Misschien ligt de oorzaak van deze eigenaardige manier van denken in een steeds groter wordend egoïsme/egocentrisme. Of misschien is het eerder het gevolg van een angstreactie die voortkomt uit het idee dat 'ik' door al het materialisme van deze tijd zou kunnen verdwijnen, opgeslokt door materie, in de hand gewerkt door steeds dieper gaande inzichten in hersenstructuren. Het zou ook een gevolg kunnen zijn van een grenzeloos materialistische visie die op de achtergrond het 'ik' al kwijt is. Hoe dan ook, ik (inderdaad) zie in sommige media steeds meer eigenaardige gedachten over de relatie tussen 'ik' en 'mijn brein'. Bijvoorbeeld:
'Ik voel me goed' wordt: 'Mijn nucleus accumbens wordt gestimuleerd door een dopamineflow.'
'Ik vind jou aantrekkelijk' wordt: 'Mijn seksuele hersencentra krijgen een boost.'
'Een moeder houdt van haar kind' wordt: 'De oxytocine stroomt.'
De uitspraken aan de rechterkant van deze voorbeelden zijn correct en tegelijkertijd helemaal fout.
Ik (ja, ik) leg dit graag uit door middel van de analogie met een erg mooi schilderij. Het schilderij bestaat uit verf, een doek en een kader. Haal deze ingrediënten weg en het schilderij is weg. Dus is er blijkbaar niets anders dan dat? Het belangrijkste is men dan echter vergeten, namelijk de kunst. Zonder de kunst heeft het schilderij weinig relevantie. Het vergeten van de kunst is het resultaat van een materialistische reductie. Maar de kunst is natuurlijk ook aanwezig wanneer het materiële schilderij aanwezig is.

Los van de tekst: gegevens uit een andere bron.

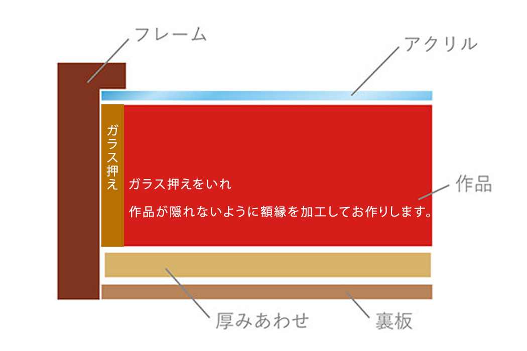 弊社では下記断面図のように額縁を加工もできます。
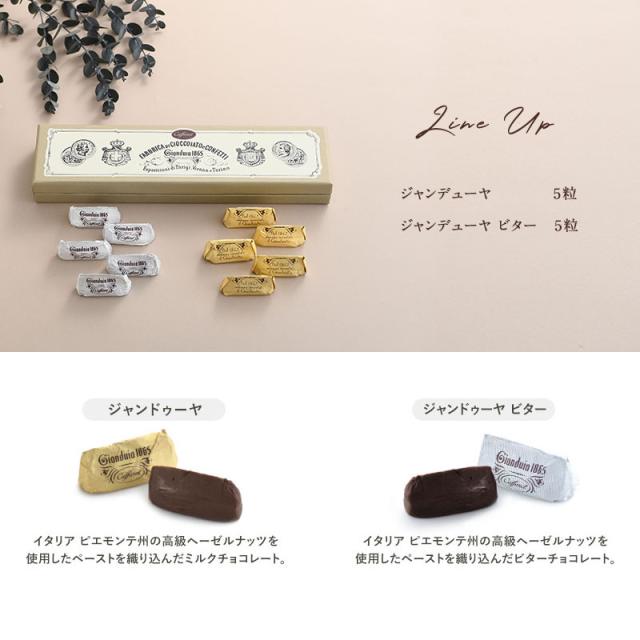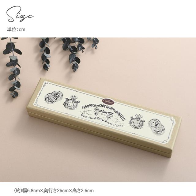 ベルベッドのような滑らかな舌触りが特徴のジャンドゥーヤ。イタリアらしいクラシックなパッケージに、ジャンドゥーヤとジャンドゥーヤビターをアソートしたチョコレートボックスです。上品なパッケージは贈る人を選ばず、男性へのプレゼントにもご自身へのご褒美にもおすすめです。

Op dezelfde manier ben 'ik' aanwezig wanneer mijn hersenen aanwezig zijn. Als 'ik' sommige stukjes van mijn hersenen zou verliezen, bijvoorbeeld door atherosclerose, dan is het nu eenmaal zo dat ook sommige stukjes van 'ik' verloren gaan. Het is natuurlijk niet zo dat ik mijn hersenen 'heb'. Evenmin is het zo dat ik mijn brein bén. De kunst is niet de som van de materiële elementen van het schilderij.
Bij een crimineel is dit nog opvallender. Heeft een crimineel een 'minimale hersendysfunctie', waardoor zijn brein de controle over hem krijgt? 'Wie' heeft de moord gepleegd, de crimineel of diens hersenen? Is de agressie van deze meneer het gevolg van testosteronschommelingen? Als men het brein op een bepaalde manier inpast, lijkt 'ik' eerder een extra slachtoffer dan een dader. In dit geval zou zelfs het idee van schuld niet langer correct zijn. De vraag naar schuld is immers de vraag naar bewuste schuld, waarbij 'ik' fungeert als een onafhankelijke bron van keuzes. Of de hersenen nu een werktuig zijn van een bewuste homunculus of van bewustzijn verspreid in de hersenen, als er iets mis is met dat instrument, dan bestaat er binnen deze manier van denken geen twijfel: geen schuld en dus ook geen straf.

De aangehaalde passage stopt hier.